= Dataset records =
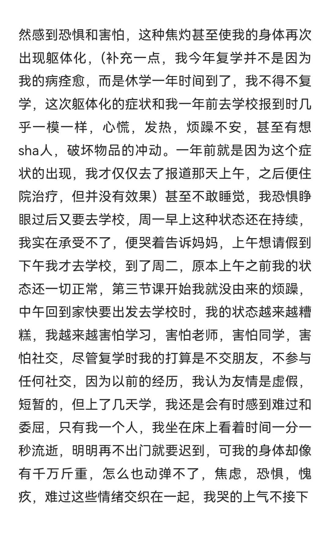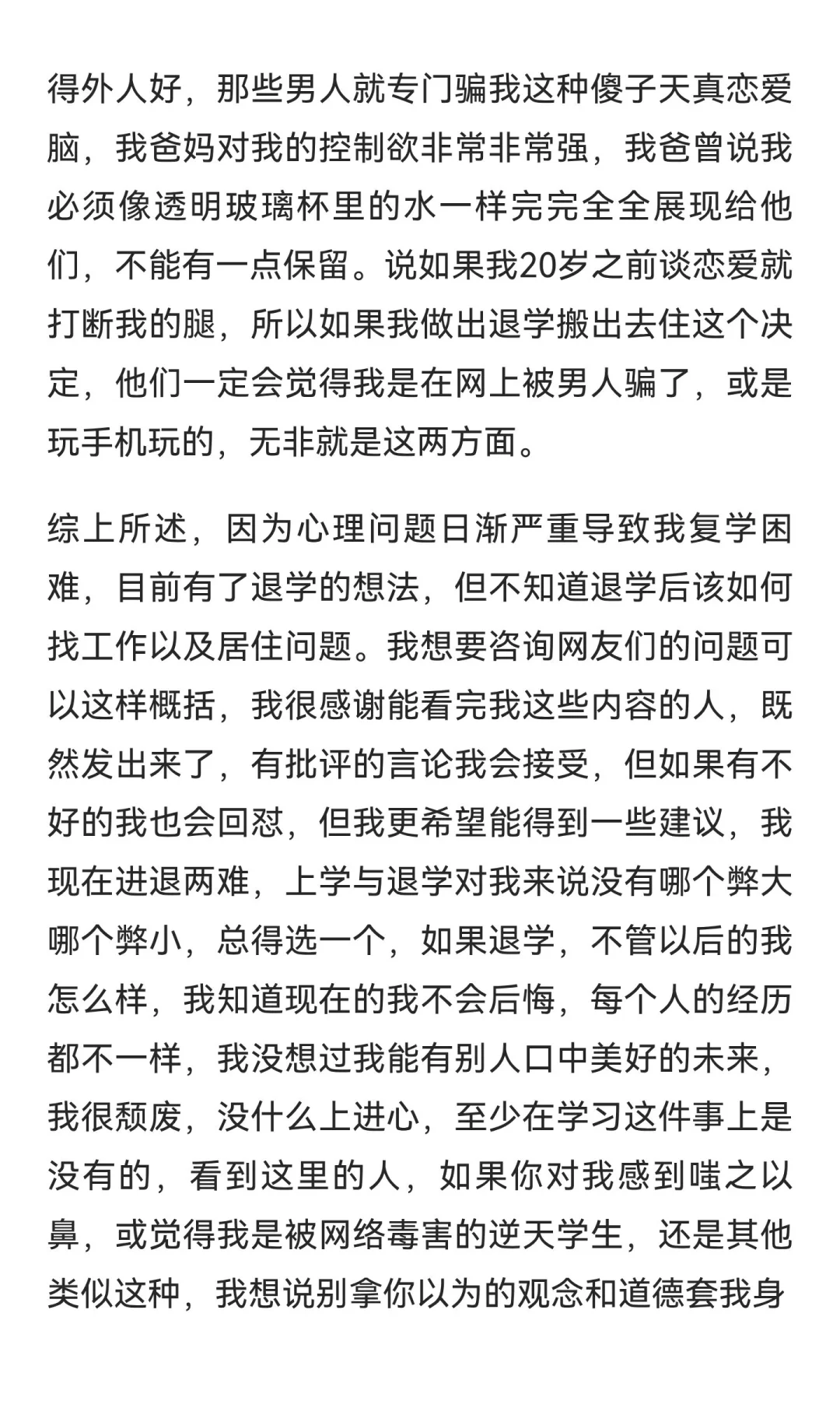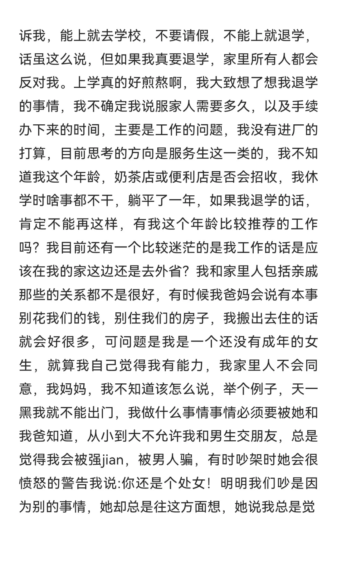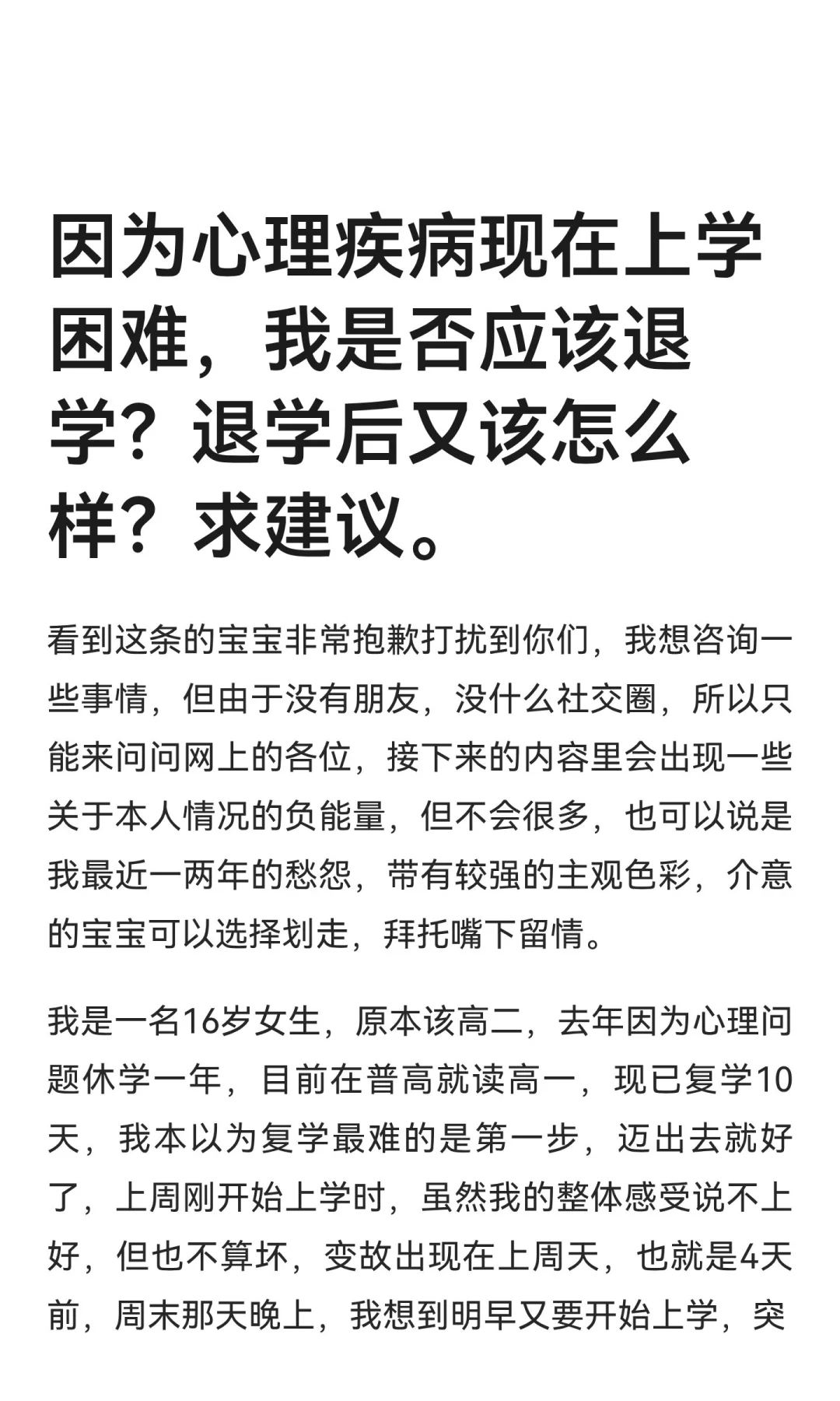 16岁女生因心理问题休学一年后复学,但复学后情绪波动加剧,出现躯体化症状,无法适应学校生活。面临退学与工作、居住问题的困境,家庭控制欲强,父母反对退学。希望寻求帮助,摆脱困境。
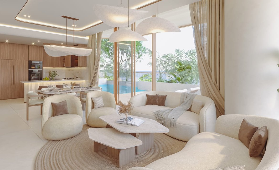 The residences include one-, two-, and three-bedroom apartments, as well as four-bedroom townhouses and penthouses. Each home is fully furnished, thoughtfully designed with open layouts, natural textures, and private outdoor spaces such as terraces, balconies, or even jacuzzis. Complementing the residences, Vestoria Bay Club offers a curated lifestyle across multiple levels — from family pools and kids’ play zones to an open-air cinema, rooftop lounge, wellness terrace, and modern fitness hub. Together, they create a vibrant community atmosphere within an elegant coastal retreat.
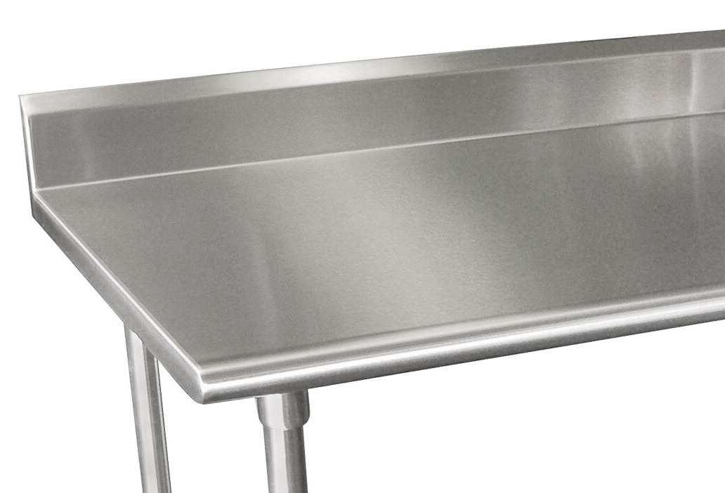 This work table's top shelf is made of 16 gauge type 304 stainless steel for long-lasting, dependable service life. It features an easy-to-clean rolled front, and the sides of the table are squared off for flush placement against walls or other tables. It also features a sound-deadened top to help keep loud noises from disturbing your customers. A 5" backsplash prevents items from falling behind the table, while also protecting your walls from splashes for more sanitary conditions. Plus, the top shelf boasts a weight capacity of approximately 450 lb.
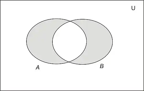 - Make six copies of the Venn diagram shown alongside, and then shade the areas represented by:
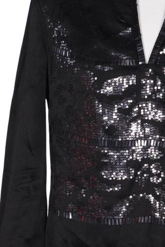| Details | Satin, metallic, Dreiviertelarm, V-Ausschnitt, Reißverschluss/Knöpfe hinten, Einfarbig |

= Task statement =
The lines from the one holding "This work table's" through the end of the entries are to be transcribed exactly, both ends included, with the pictures left out.

= Response to this exercise =
 This work table's top shelf is made of 16 gauge type 304 stainless steel for long-lasting, dependable service life. It features an easy-to-clean rolled front, and the sides of the table are squared off for flush placement against walls or other tables. It also features a sound-deadened top to help keep loud noises from disturbing your customers. A 5" backsplash prevents items from falling behind the table, while also protecting your walls from splashes for more sanitary conditions. Plus, the top shelf boasts a weight capacity of approximately 450 lb.
 - Make six copies of the Venn diagram shown alongside, and then shade the areas represented by:
| Details | Satin, metallic, Dreiviertelarm, V-Ausschnitt, Reißverschluss/Knöpfe hinten, Einfarbig |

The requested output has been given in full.